# Sony announces the FE 135mm F1.8 G Master Prime Lens



## Canon Rumors Guy (Feb 26, 2019)

> Press Release:
> *SAN DIEGO **— **Feb. 26, **2019 **—* Sony Electronics Inc today introduced a highly anticipated addition to their acclaimed G Master series of full-frame E-mount interchangeable lenses – a 135mm F1.8 full-frame, large-aperture telephoto prime lens (model SEL135F18GM).
> Equipped with Sony’s most advanced optical technologies, the new lens is built to meet the extremely high standards of Sony’s G Master series. The new FE 135mm F1.8 GM offers exceptionally high resolution and exquisite bokeh, two qualities that are signature attributes of Sony’s flagship G Master brand. The new lens combines rapid autofocus (AF) acquisition with a lightweight, portable design and a variety of professional functions, making it a versatile, high-performance tool for professional portrait photographers, wedding photographers, sports photographers and a wide variety of imaging enthusiasts.
> 
> “Sony’s commitment to growing our lens lineup remains stronger than ever,”...



Continue reading...


----------



## fox40phil (Feb 28, 2019)

Only ~200g more then the Canon 135 2.0L. Thats nice!
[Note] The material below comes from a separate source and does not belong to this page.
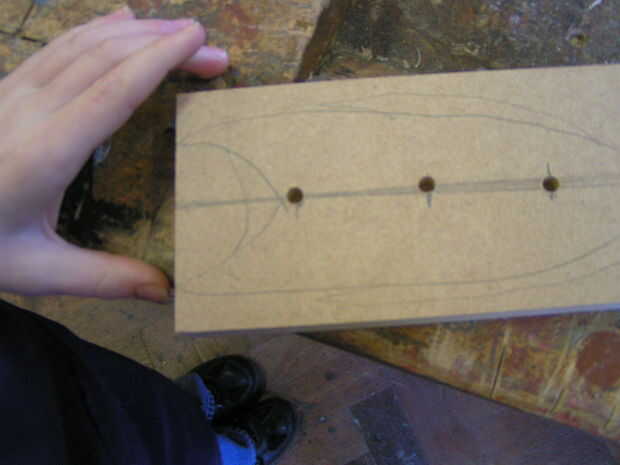 Dibujaban contornos en las bases, dejando la madera suficiente alrededor de los orificios para la fuerza.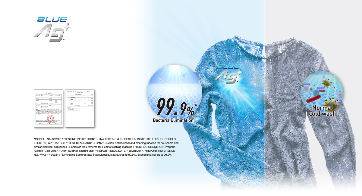 Blue Ag+ cold wash hygiene for bacteria elimination and

But a really high price^^. (ok everything is even more expensive then old stuff)


----------



## sdz (Mar 2, 2019)

fox40phil said:


> Only ~200g more then the Canon 135 2.0L. Thats nice! But a really high price^^. (ok everything is even more expensive then old stuff)


Zeiss Milvus: $2199 cheap!


----------



## Wy Li (Mar 4, 2019)

And people are complaining about the expensive R lenses. Go figure ...

And a f1.8 lens? Canon's now offering f1.2 R lenses. Get with it Sony!


----------